What would Diogenes the Cynic, who so scorned the superficiality of his fellow Athenians that he dressed in rags and lived in a barrel in the agora, what would Diogenes have thought of the selfie generation and how would he have performed his ripostes?

What would Mary Cassatt and Frida Kahlo have made of the evolution of femininity?

Illma Gore is photographed in Brisbane
Things can be bad and good at the same time, says Gore. Photograph: Dan Peled/The Guardian

What timeless phrases could Shakespeare have conjured with lol, rizz and our endless stream of slang and buzzwords?

Gore’s far from alone in grappling with the emotional significance of this moment in history – she’s not even the first artist to play with a Boston Dynamics’ robotic dog.

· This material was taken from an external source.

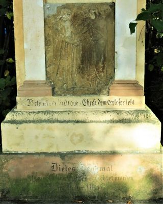 Kamenná sloupová plastika u kaple v Ladech

Art and marketing collective MSCHF bought themselves a Spot and mounted a paintball gun on it, in what Gore describes as a valid conversation around the militarisation of robotics.

But far fewer are those committed to imagining a future with robotics and artificial intelligence that “all just works”.

Because Gore, a techno-optimist like Agnieszka Pilat – who trained Boston Dynamics’ dogs in the art of portraiture – believes things can be bad and still be getting better at the same time.

“There will be new jobs, there will be new stuff to do,” she says.

Is Gore being naive? That is a question that, for now, not even artificial intelligence can answer.

“I am an AI language model and do not have the ability to interpret the behaviour or state of mind of individuals,” was ChatGPT’s response.

But then, if the program was intent upon world domination, it would say that, wouldn’t it?

Gore’s is one of nine temporary artworks being installed in the Queen Street Mall for the street art festival which also includes permanent works being put up on walls around the city.